As to US adoption and advancement level of the US technology, you'll remember Giff that I blogged about whose behind and whose ahead in telecoms about a year ago, and gave the four major measures of leadership. On data usage - and using SMS as its proxy - the US was behind on this measure (as the US was beyhind on all 3 other measuyres, networks, subscriptoin and handsets). But the SMS usage level is a solid growth and put the US on par with mainstream Europe last year and now on par with European leaders (and still growing).
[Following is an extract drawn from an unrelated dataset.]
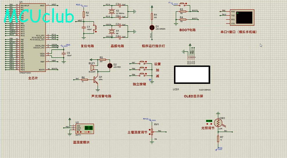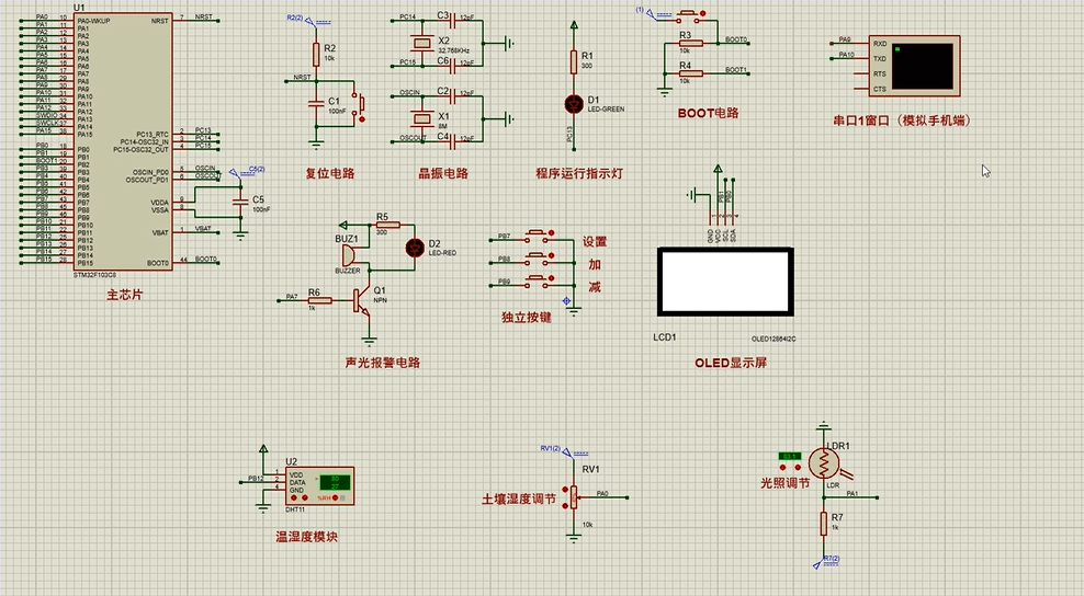 注意:部分实物元器件仿真中没有,仿真中会用其他工作原理相似的元件代替,这样可能导致实物程序和仿真程序不一样

It does not eliminate the lag that the US market has for cellular phone subscriptions (US is at about 90% while Europe is at 110% per capita and the leaders like Hong Kong are at 140% per capita) not 3G adoption (Japan and South Korea are at about 80% migration to 3G) or handsets (as per this article; for US readers - the Europeans already have cameraphones with 12 megapixel resolutions; and both the Nokia N-Series and E-Series have many more models sold in Europe (and Asia) as they offer in America, etc.

So the US is moving up, yes, but the competition is not sitting still. They too are improving and there is a long way to go.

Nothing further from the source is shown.